■ Problem to solve
Write out the line that holds "- The first" together with every line that follows it to the end of the material below, exactly. Omit the pictures.
======== Data excerpt ========
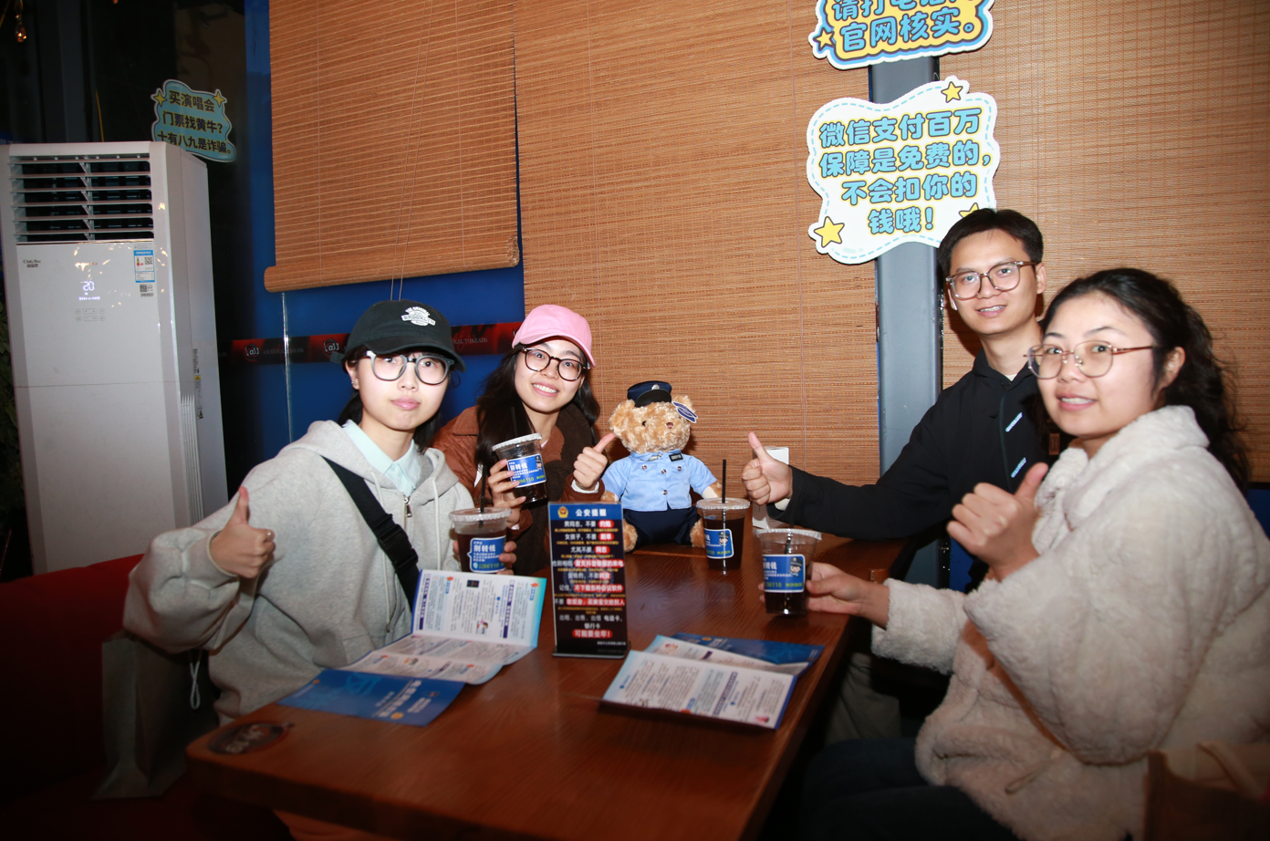在桌牌上的“十大高发诈骗类型”一目了然,咖啡杯套上的防骗口诀诙谐幽默,在大家等待取餐的片刻,这些实用的知识就能悄然入眼、自然入心。从点单到细细品味,防骗的知识如同咖啡的香气,自然地萦绕在侧,化作生活中一份温暖的守护。
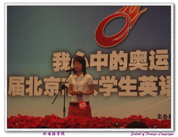 在刚刚结束的第二届“我心中的奥运”北京市大学生英语演讲比赛中,我校外国语学院英语专业06级学生刘念以优秀的语言素质, 自然的演讲风格征服了包括外国专家在内的众多评委, 在参赛的80多名选手中脱颖而出,获得二等奖的好成绩。“我心中的奥运”北京市大学生英语演讲比赛由北京市教育委员会,北京市奥林匹克教育工作领导小组主办,由北京市国际教育交流中心承办。旨在大学生中弘扬奥林匹克精神,提高高校学生的英语水平,营造首都迎接08年奥运会的良好氛围。本届比赛共有北京市82所高校参加,分为初赛、 半决赛和决赛三个阶段。
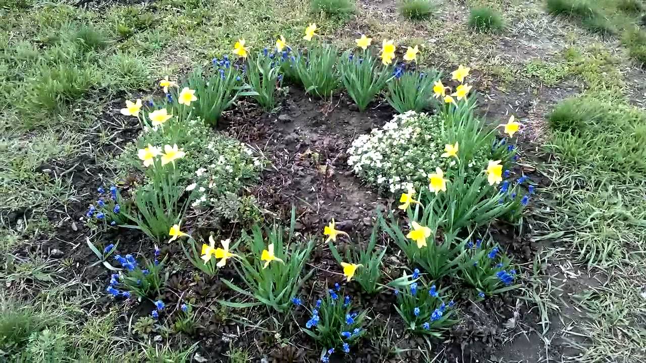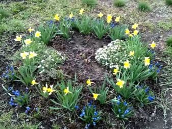 - The first flowering begins in spring, for this purpose, low-growing perennials - primroses, snowdrops. They need to be placed in the foreground. Tulips and daffodils can be planted behind them, as they are taller and bloom at the first warm sunlight.
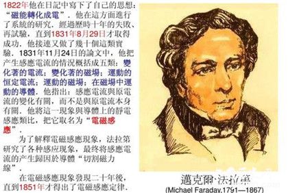 (4)他的展示向世人建立起“磁场的改变产生电场”的观念。此关系由法拉第电磁感应定律建立起数学模型,并成为四条麦克斯韦方程组之一。这个方程组之后则归纳入场论之中。法拉第并依照此定理,发明了早期的发电机,此为现代发电机的始祖。
========
■ Exercise response
 - The first flowering begins in spring, for this purpose, low-growing perennials - primroses, snowdrops. They need to be placed in the foreground. Tulips and daffodils can be planted behind them, as they are taller and bloom at the first warm sunlight.
 (4)他的展示向世人建立起“磁场的改变产生电场”的观念。此关系由法拉第电磁感应定律建立起数学模型,并成为四条麦克斯韦方程组之一。这个方程组之后则归纳入场论之中。法拉第并依照此定理,发明了早期的发电机,此为现代发电机的始祖。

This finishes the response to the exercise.